We’ve gotten used to taking wrong turns and winding up somewhere off the mark.
It seems like it has become normalized to try and get back your roots by jumping in feet first to religion. Playing the part only gets you so far, though, and doesn’t really do much to satiate that sense of unfulfillment.
When I was a youth, we always celebrated Lent with a memento of sorts to remind us of what we had given up. Throughout the season, we would carry a rock that represented our sins and whatever we had decided to forgo. At the end of the season, if we had successfully adhered to the rules of Lent, we could keep the rock. Otherwise, we got rid of it or turned it in.
The goal is to show you that we are unable to meet the perfection of Jesus. However, I, like the Pharisees, took great pride in keeping the “law” to the letter. I was proud of my rock and that I was able to keep it. I had worked hard for it and did exactly what I was supposed to.
But I had missed the whole point. Keeping the rock and being able to say I did it did not bring me the peace and joy I so longed for.

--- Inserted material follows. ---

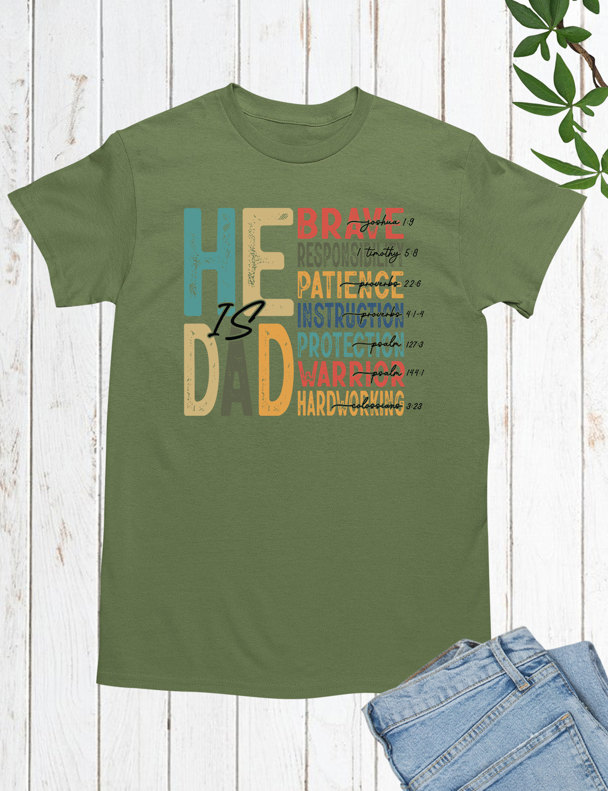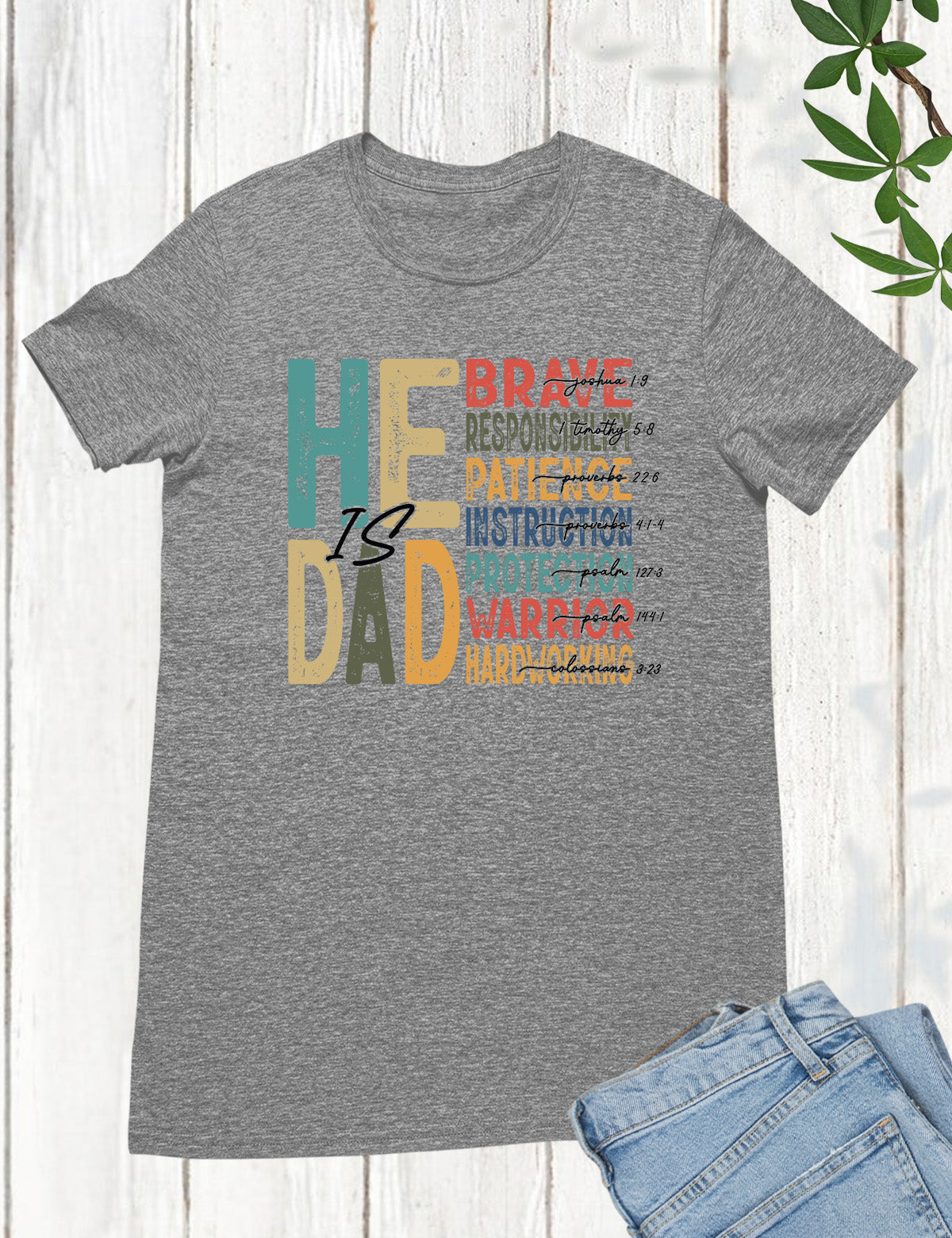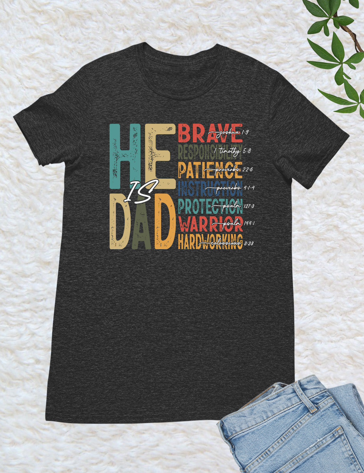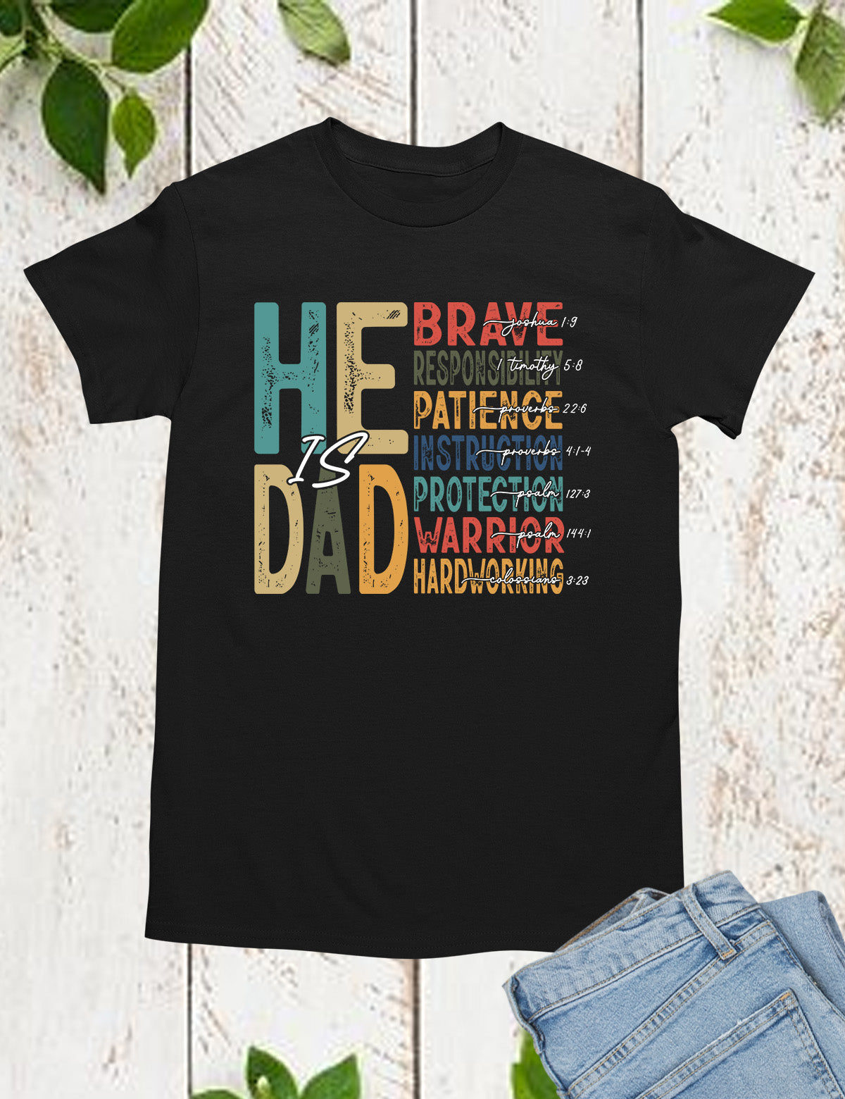 Celebrate the important role of being a father with our "He is Dad" Bible Verse T Shirts. Made with high-quality materials, this shirt serves as a reminder of the love and guidance a father offers. Share your faith and honor your dad with this stylish and meaningful t-shirt.

What I now know, is that Jesus through the Holy Spirit fills those spaces where we feel inadequate. His peace and contentment infiltrate our minds and flush out those thoughts the enemy places there that say “You’re not good enough.”
We know the enemy comes to steal, kill, and destroy. And he does that with our minds, yall. It is so important that we don’t get too caught up in keeping our rocks and, instead, remember to keep taking steps and moving towards a deeper relationship with Christ.
So, what is the turning point? Surrender. Leave what’s happened and move on. Allow Him to show you what that looks like. It won’t be on your timeline, but once you begin walking with him, all of that anxiety and impatience will be more tolerable knowing that someone’s got your back.
He is the one who moves the stone. He told the rock to move on the third day in order to overcome death.
What is your rock? What are you clinging to, hoping it will fill you?
You aren’t enough. What you are trying to do isn’t enough. But Jesus is. The things you are holding onto, all your past hurts and disappoints aren’t enough to keep you from him.
Ask God to roll the stone.
Matthew 27:59-60 “Joseph took the body, wrapped it in a clean linen cloth, and placed it in his own new tomb that he had cut out of the rock. He rolled a big stone in front of the entrance to the tomb and went away.
Deuteronomy 32:4 “He is the Rock, his works are perfect, and all his ways are just.”
Psalm 19:14 “May these words of my mouth and this mediation of my heart be pleasing in your sight, Lord, my Rock and my Redeemer.”
Psalm 34:14 “Turn from evil and do good; seek peace ad pursue it.”
Acts 26:17 “I will rescue you from your own people and from the Gentiles. I am sending you to them to open their eyes and turn them from darkness to light, and from the power of Satan to God, so that they may receive forgiveness of sins and a place among those who are sanctified by faith in me.”